[Entries taken from a collection]
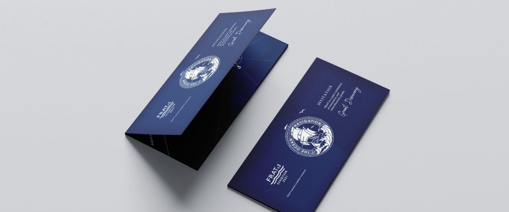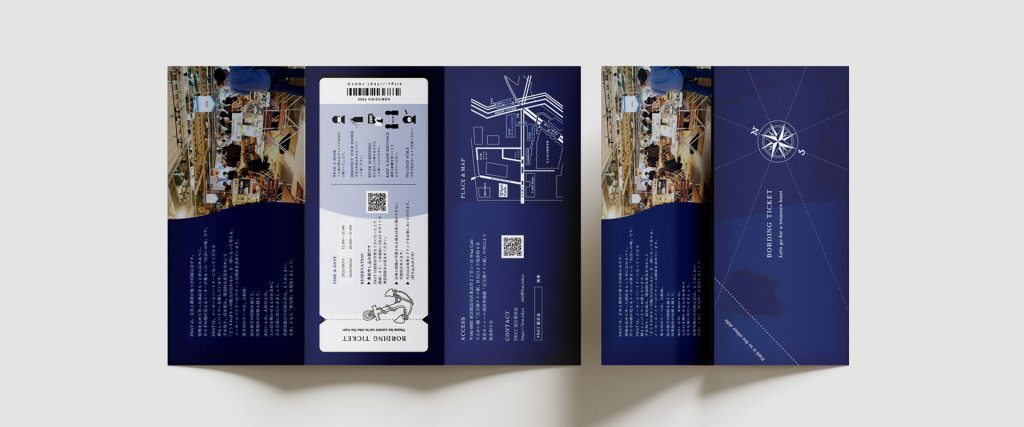 三つ折りのフライヤーを開くとFRATの乗船チケットが挟んであるように見えるイメージです。
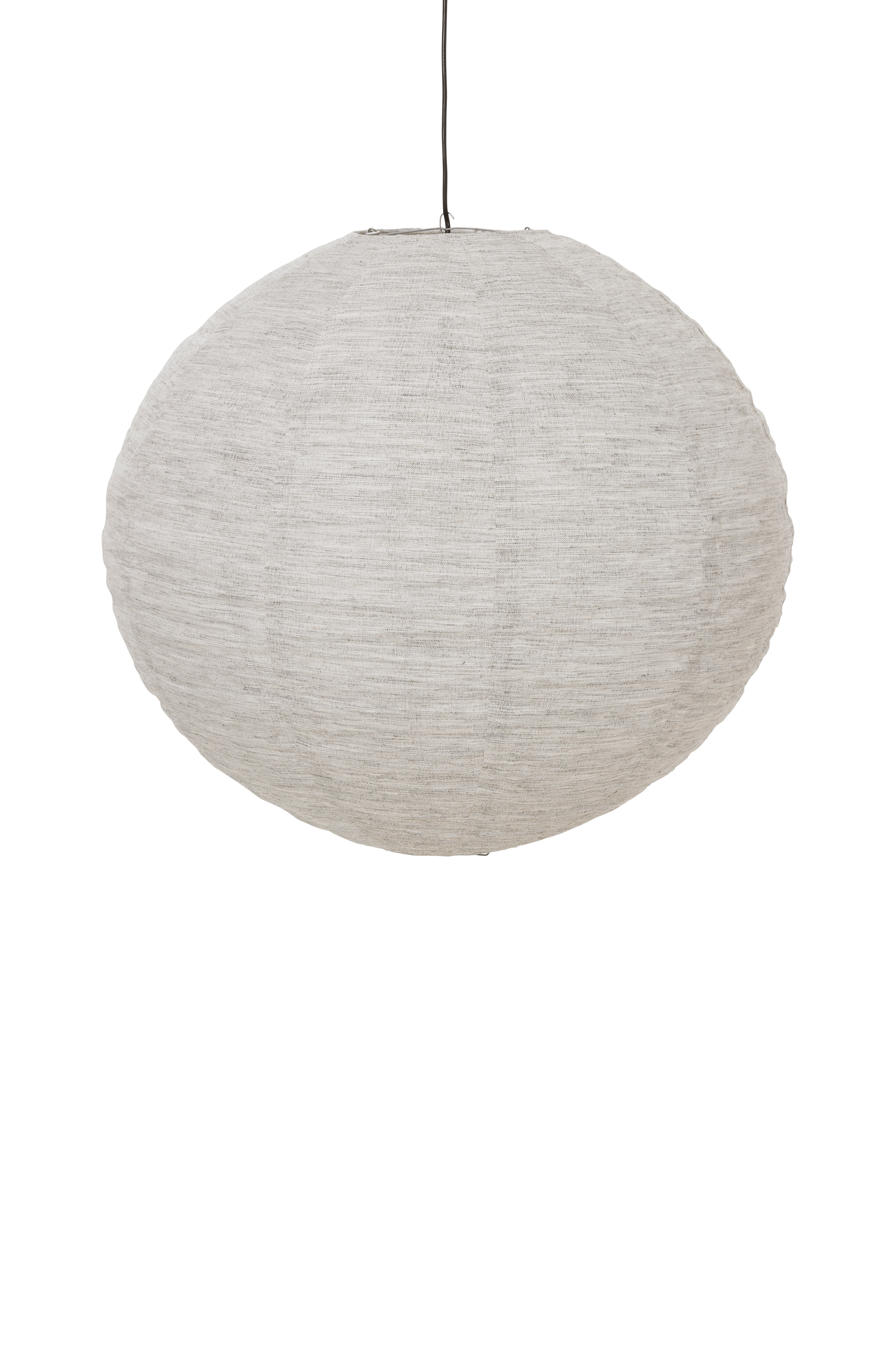 Takskjerm med teksturtekstil og riskonstruksjon som gir et vakker lys. Skjermens mål: Ø 70 cm, høyde 65 cm. Takoppheng og lyspære er ikke inkludert.
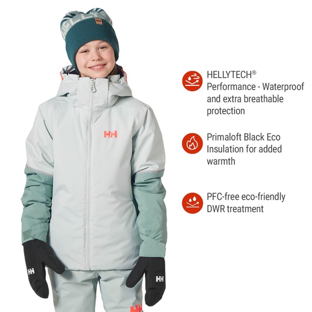 The Helly Hansen Juniors' Jewel Jacket combines performance and style for the slopes. Built with HELLY TECH® Performance construction, it delivers waterproof, wind-resistant, and breathable protection. PrimaLoft® Black Eco insulation ensures warmth, while the articulated cut allows for easy movement. Featuring a detachable hood, ski pass pocket, powder skirt, and reflective details for enhanced visibility, this jacket provides both functionality and all-day comfort.
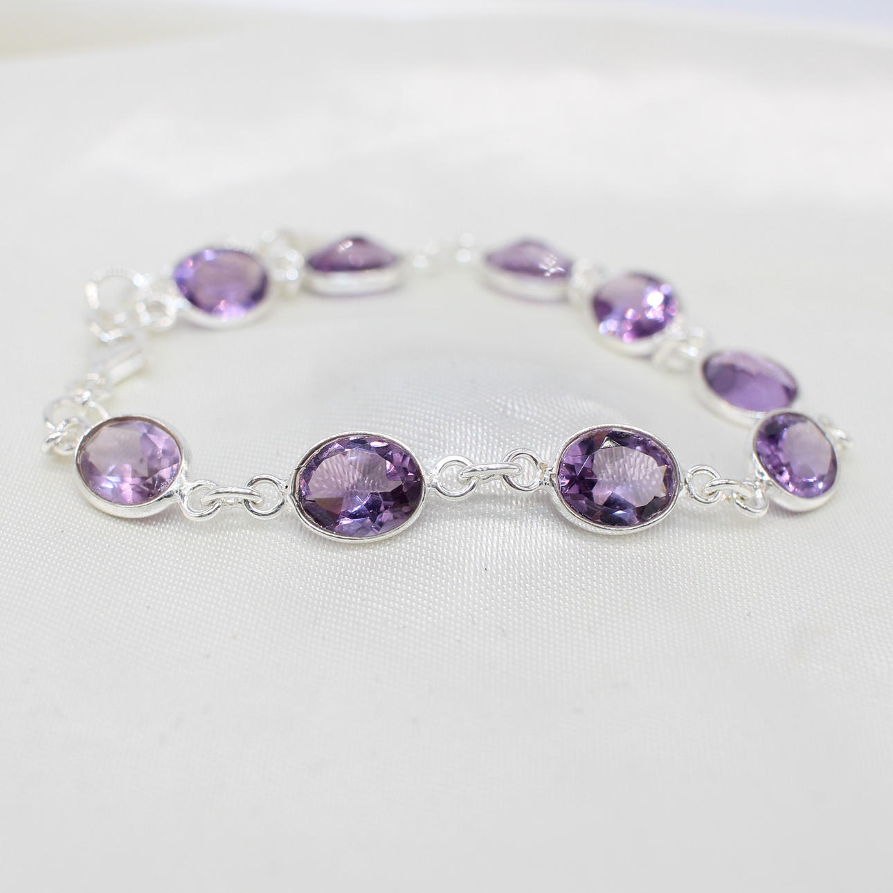 A silver (stamped 925) line bracelet set with 9 x oval cut amethysts.
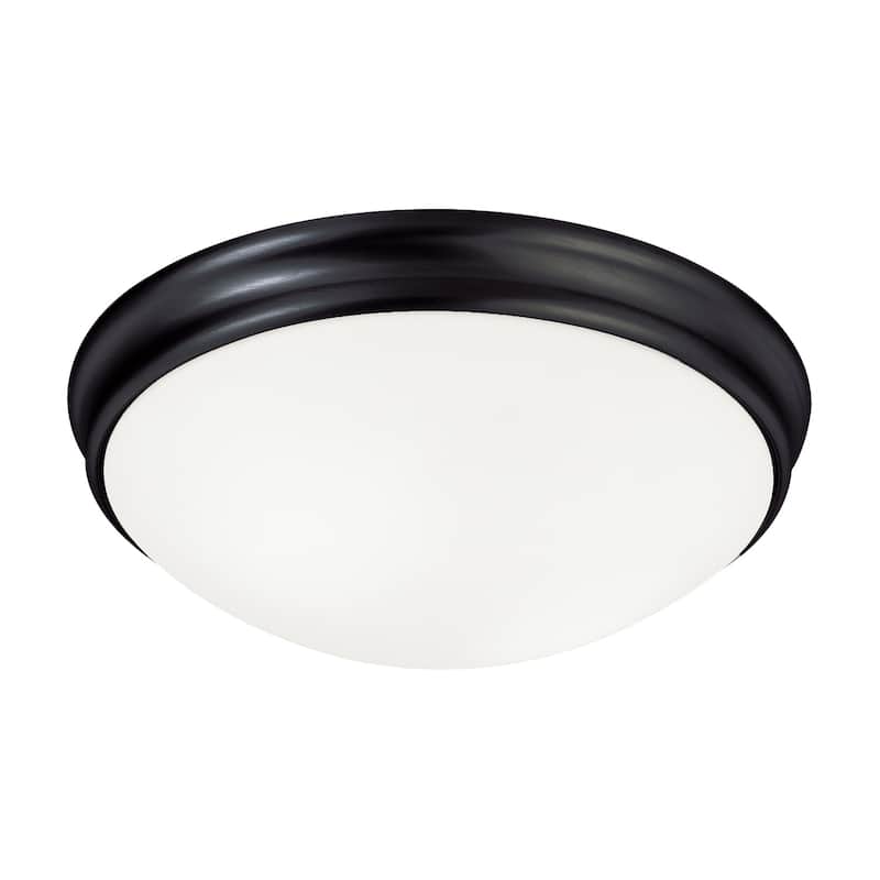 Add a modern touch to your home decor with this 2-light Matte Black Flush Mount. The hand-painted finish on the metal frame and the frosted glass shade combine to create a warm ambiance, perfect for any room in the house.
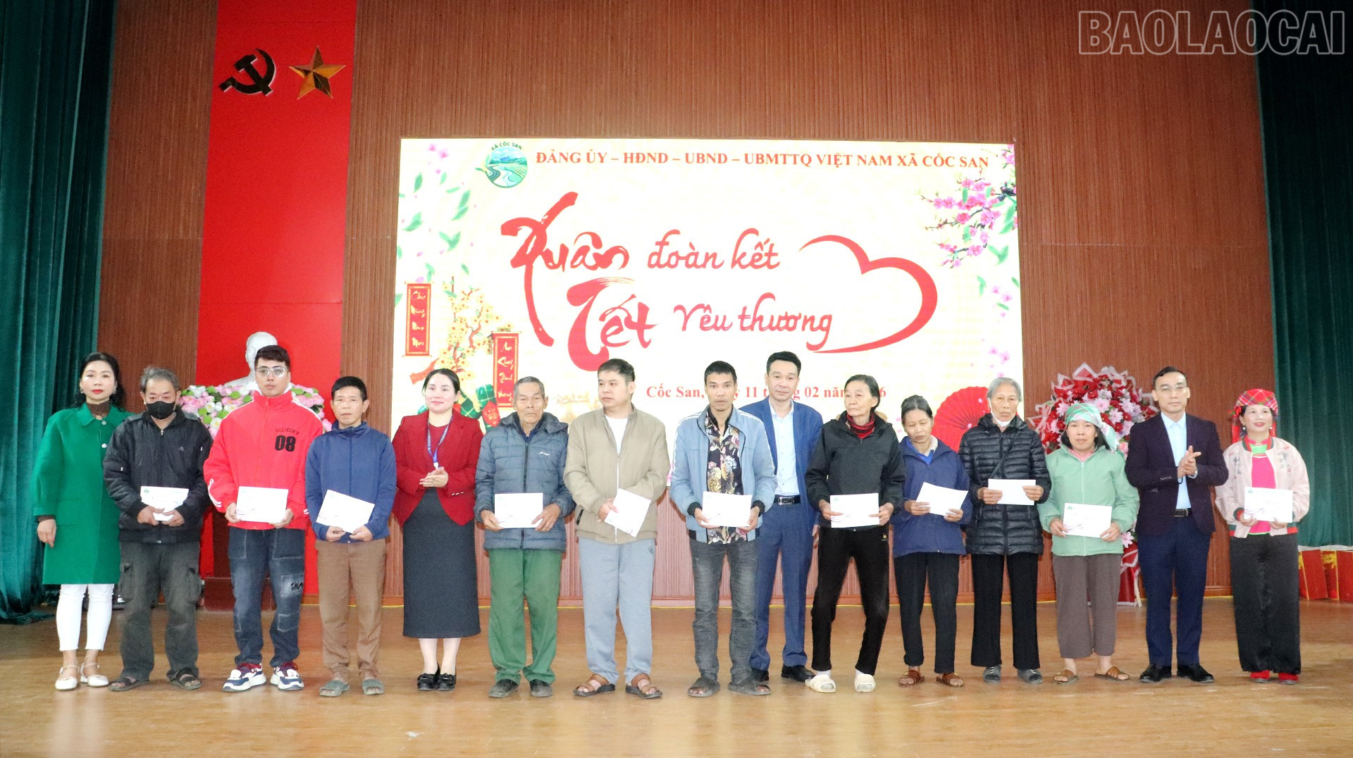 Thực hiện chương trình chăm lo Tết cho các đối tượng chính sách và người dân có hoàn cảnh khó khăn, dưới sự chỉ đạo trực tiếp của Thường trực Đảng ủy xã Cốc San, UBND xã đã phối hợp với Ban Thường trực Ủy ban MTTQ Việt Nam xã tổ chức vận động, tiếp nhận nguồn kinh phí, quà tặng từ các tổ chức, đơn vị, doanh nghiệp và các nhà hảo tâm để hỗ trợ các đối tượng chính sách, người có công, người yếu thế trên địa bàn.
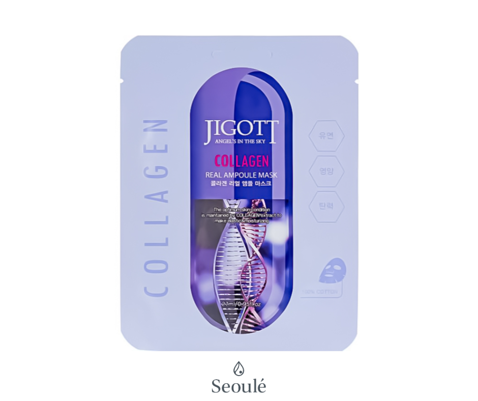 Jigott Collagen Real Ampoule Mask to nowoczesna maska w płachcie, która precyzyjnie odpowiada na potrzeby skóry, uzupełniając niedobór kolagenu. Dzięki niej cera odzyskuje naturalne piękno, sprężystość i elastyczność. Maska intensywnie napełnia skórę aminokwasami i witaminami, przywracając jej zdrowy blask, gładkość i promienny wygląd. Wykonana z ekologicznej bawełny, zapewnia maksymalny komfort i skuteczność.
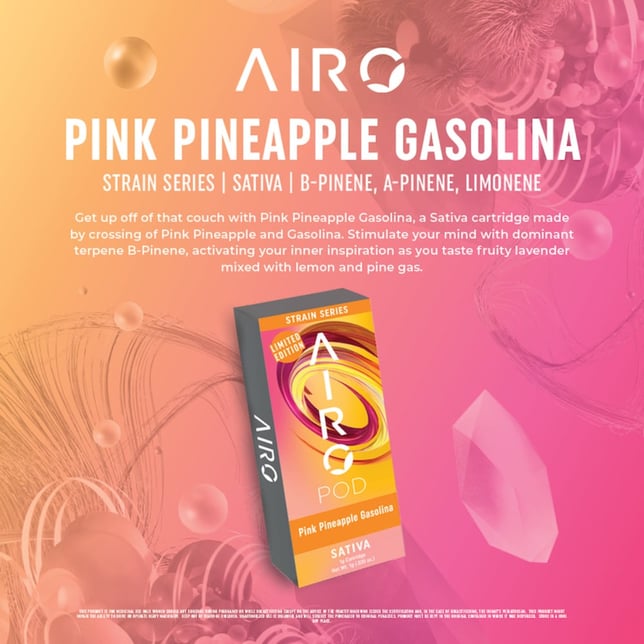 Get up off of that couch and get your creative juices flowing with Strain Series Pink Pineapple Gasolina by Airo Brands. Pink Pineapple Gasolina is a Sativa-dominant cross of Pink Pineapple and Gasolina. As you inhale, stimulate your mind with dominant terpene b-Pinene, activating your inner inspiration. Taste fruity lavender mixed with lemon and pine gas. When you exhale, feel the negativity rush out of you and refill with an uplifted sense of positive determination.
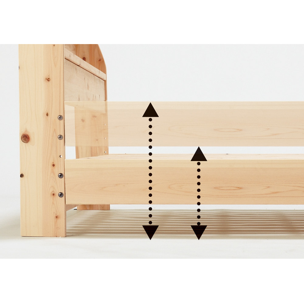 お好みで床面高さを4段階に調節可能。床面高さは21・26・31・36cmの4段階に調節可能。ご使用の寝具に合わせて選べます。

Task directions
Please set down the records above verbatim, with each picture left out.

Output for this task
 三つ折りのフライヤーを開くとFRATの乗船チケットが挟んであるように見えるイメージです。
 Takskjerm med teksturtekstil og riskonstruksjon som gir et vakker lys. Skjermens mål: Ø 70 cm, høyde 65 cm. Takoppheng og lyspære er ikke inkludert.
 The Helly Hansen Juniors' Jewel Jacket combines performance and style for the slopes. Built with HELLY TECH® Performance construction, it delivers waterproof, wind-resistant, and breathable protection. PrimaLoft® Black Eco insulation ensures warmth, while the articulated cut allows for easy movement. Featuring a detachable hood, ski pass pocket, powder skirt, and reflective details for enhanced visibility, this jacket provides both functionality and all-day comfort.
 A silver (stamped 925) line bracelet set with 9 x oval cut amethysts.
 Add a modern touch to your home decor with this 2-light Matte Black Flush Mount. The hand-painted finish on the metal frame and the frosted glass shade combine to create a warm ambiance, perfect for any room in the house.
 Thực hiện chương trình chăm lo Tết cho các đối tượng chính sách và người dân có hoàn cảnh khó khăn, dưới sự chỉ đạo trực tiếp của Thường trực Đảng ủy xã Cốc San, UBND xã đã phối hợp với Ban Thường trực Ủy ban MTTQ Việt Nam xã tổ chức vận động, tiếp nhận nguồn kinh phí, quà tặng từ các tổ chức, đơn vị, doanh nghiệp và các nhà hảo tâm để hỗ trợ các đối tượng chính sách, người có công, người yếu thế trên địa bàn.
 Jigott Collagen Real Ampoule Mask to nowoczesna maska w płachcie, która precyzyjnie odpowiada na potrzeby skóry, uzupełniając niedobór kolagenu. Dzięki niej cera odzyskuje naturalne piękno, sprężystość i elastyczność. Maska intensywnie napełnia skórę aminokwasami i witaminami, przywracając jej zdrowy blask, gładkość i promienny wygląd. Wykonana z ekologicznej bawełny, zapewnia maksymalny komfort i skuteczność.
 Get up off of that couch and get your creative juices flowing with Strain Series Pink Pineapple Gasolina by Airo Brands. Pink Pineapple Gasolina is a Sativa-dominant cross of Pink Pineapple and Gasolina. As you inhale, stimulate your mind with dominant terpene b-Pinene, activating your inner inspiration. Taste fruity lavender mixed with lemon and pine gas. When you exhale, feel the negativity rush out of you and refill with an uplifted sense of positive determination.
 お好みで床面高さを4段階に調節可能。床面高さは21・26・31・36cmの4段階に調節可能。ご使用の寝具に合わせて選べます。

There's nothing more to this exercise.